Intensive efforts are being made to delineate the complete wiring diagram or connectome of the mammalian brain as a means to better understand how neural circuits control behavior. High-throughput electron microscopy has been used to delineate microscale connectivity (164), while tracing strategies utilizing viral tracers encoded with fluorophores have allowed for milliscale circuit mapping (165). These studies have elegantly dissected a number of complex circuits. However, these methodologies are not designed to provide molecular information about the pre-synaptic neural populations. These shortcomings warrant the identification of marker genes for neurons within the circuits to enable the testing of their functional role.

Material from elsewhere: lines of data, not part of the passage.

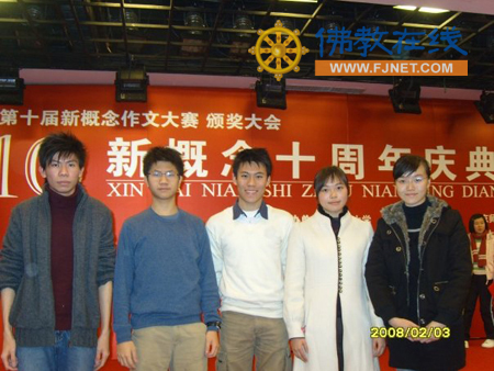 這五位中學(xué)生于2007年10月參加了由內(nèi)地《蔭芽》雜志和香港佛教聯(lián)合會主辦的“全國新概念作文大賽港澳區(qū)首屆比賽”,并在一百多所參賽中學(xué)生中脫穎而出,得到港澳區(qū)一等獎。進(jìn)而于今年2月初遠(yuǎn)赴上海參加總決賽,并獲佳績。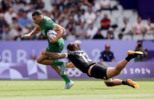 THE IRELAND MEN’S 7s team will face defending back-to-back champions Fiji in the Olympic quarter-finals this evening in Paris [KO 9pm Irish time, RTÉ2] after losing their last pool game against New Zealand on a 14-12 scoreline.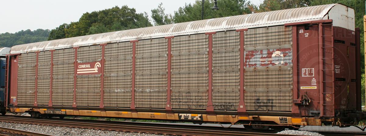 Previous Next Flatcar ETTX 701240 is seen with CR class ML3N rack #7148. Rack was built 3-89 and was rebuilt 5-97. Photo By Donnie Lee Equipment Type ETTX Tri-Levels Year 2011 Original Date 9/3/11 Collection CRHS Conrail Photo Archive Contributions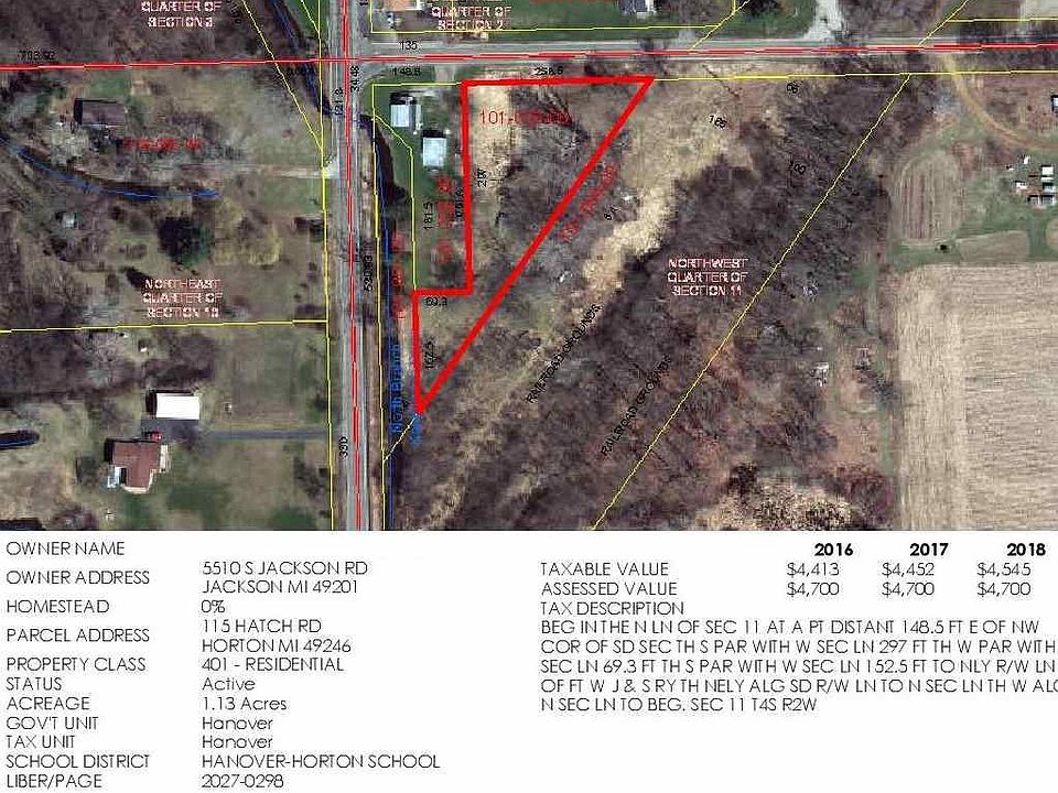 Great building location! Easy access to shopping while maintaining country feel. Property runs along North Branch Kalamazoo River. Hanover Horton school district.

While neuroanatomical methods enable high-resolution mapping of neural circuitry, these approaches do not allow molecular profiling of neurons based on their connectivity. An advanced approach for translational profiling of neurons based on connectivity using viral translating ribosome affinity purification (vTRAP) has been reported recently (166). In this approach, CRE-dependent AAV or other retrograde viruses (rabies or canine adenovirus) are engineered to express an EGFP-tagged ribosome protein enabling isolation of mRNA that is being translated from a discrete CRE-expressing neural population. Projection-specific translational profiling is achieved by selectively precipitating neuronal ribosomes based on connectivity. Quantitative PCR is then used for selected target genes or high-throughput RNA sequencing to determine the neuronal identity without the need for detailed anatomical or electrophysiological investigation (166). The drawback of this technique is that high-throughput RNA sequencing on the immunoprecipitated RNA is critical and a substantial amount of validations is required prior to selection of appropriate marker genes for the projecting neurons.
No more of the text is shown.